Importance: Major depressive disorder (MDD) is a heterogeneous clinical syndrome with widespread subtle neuroanatomical correlates. Identifying neuroimaging-based biomarkers might aid in defining the disease-related dimensions that characterize MDD and predict treatment response.
Objective: To investigate the neuroanatomical dimensions that characterize MDD and predict treatment response to selective serotonin reuptake inhibitor (SSRI) antidepressant or placebo.
Design: Big data consortium (COORDINATE-MDD) sharing raw MRI data in first episode and recurrent MDD, deep clinical phenotyping, and state-of-the art machine learning analysis, involving harmonization of multi-center MRI data and the application of semi-supervised machine learning clustering, HYDRA, to regional brain volumes.
Setting: International, multi-center, community-based MDD and healthy controls.
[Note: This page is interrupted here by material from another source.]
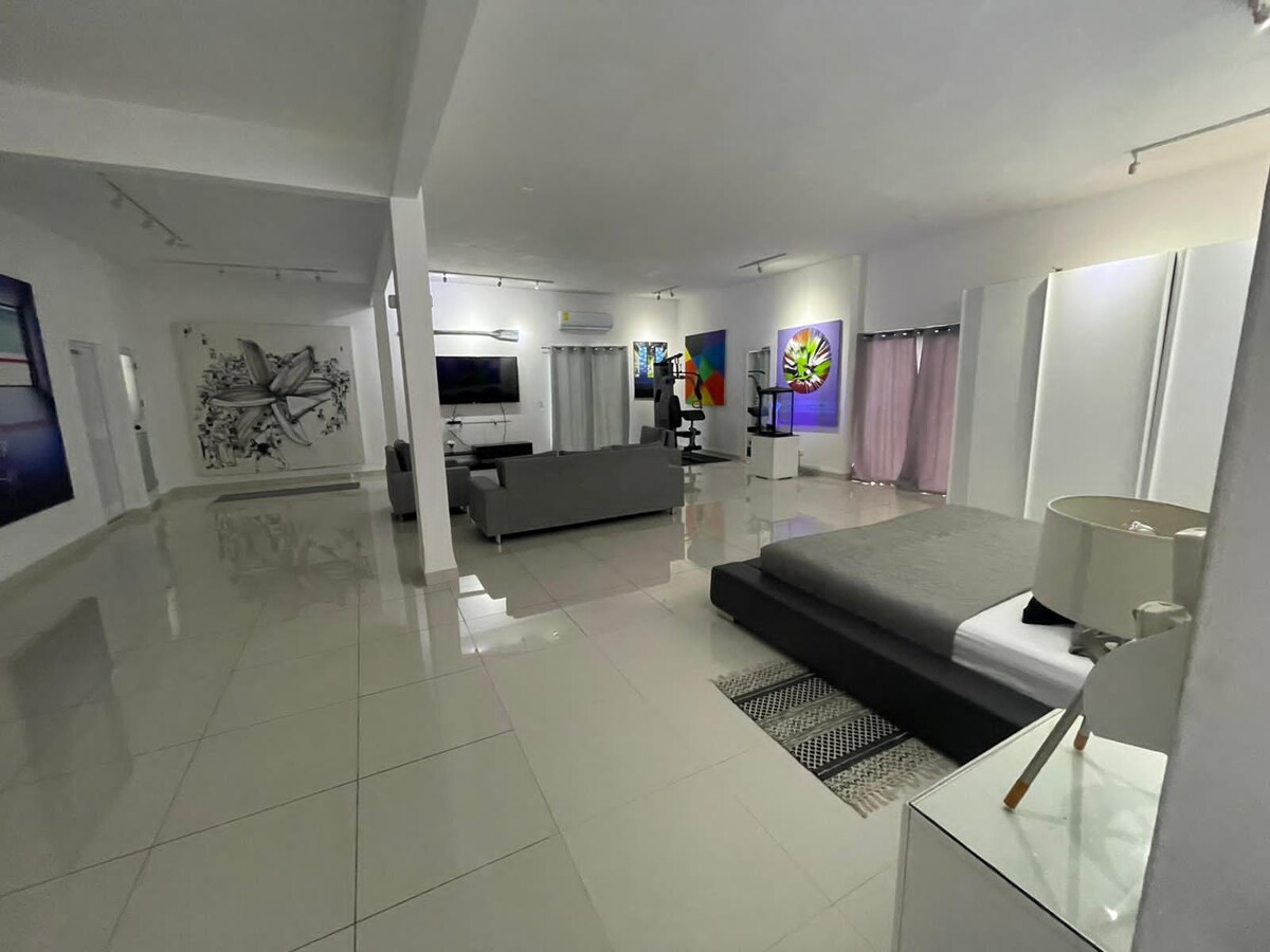 Apartamento tipo loft moderno, estilo minimalista en Miramar, La Habana, terrazas amplias con buenas vistas panorámicas al aire libre, cercano a numerosos lugares de interés como restaurantes privados (paladares), centros comerciales, cafeterías, bares, centros nocturnos. Tiene muy fácil acceso a otros puntos de la ciudad, es un lugar muy tranquilo y seguro. Tiene Wifi Permitido fumar solo en espacios al aire libre.

Participants: International sample (N=1384), consisting of medication-free, first episode and recurrent MDD individuals (N=685) in a current depressive episode of moderate to severe intensity, that is not treatment resistant depression, and healthy controls (N=699). Prospective longitudinal treatment response data were available in a subset of MDD individuals (N=359 MDD). Treatments were SSRI antidepressant medication (escitalopram, citalopram, sertraline) or placebo. Treatment duration was 6-8 weeks, and symptom severity was measured by clinician-rated scales.
Main outcomes: First episode and recurrent MDD is optimally characterized by two neuroanatomical dimensions, which show distinct treatment effects to placebo and SSRI antidepressant medications.
Results: Dimension 1 is characterized by preserved gray and white matter (N=290 MDD), whereas Dimension 2 is characterized by widespread subtle reductions in gray and white matter (N=395 MDD) relative to healthy controls. There are no significant differences in age of onset, years of illness, number of episodes, or duration of current episode between dimensions, but there is a significant dimension by treatment response interaction effect. Dimension 1 shows a significant decrease in depressive symptoms following treatment with SSRI medication (51.1%) but limited changes following placebo (28.6%), whereas Dimension 2 shows a comparable improvement to either SSRI (46.9%) or placebo (42.2%) (β=-18.3, 95% CI (-0.34 to -0.2), p=0.03).
Conclusions and Relevance: Neuroimaging-based markers may aid in characterizing the MDD dimensions that predict treatment response. In an iterative process, we can characterize the disease-based dimensions that comprise MDD.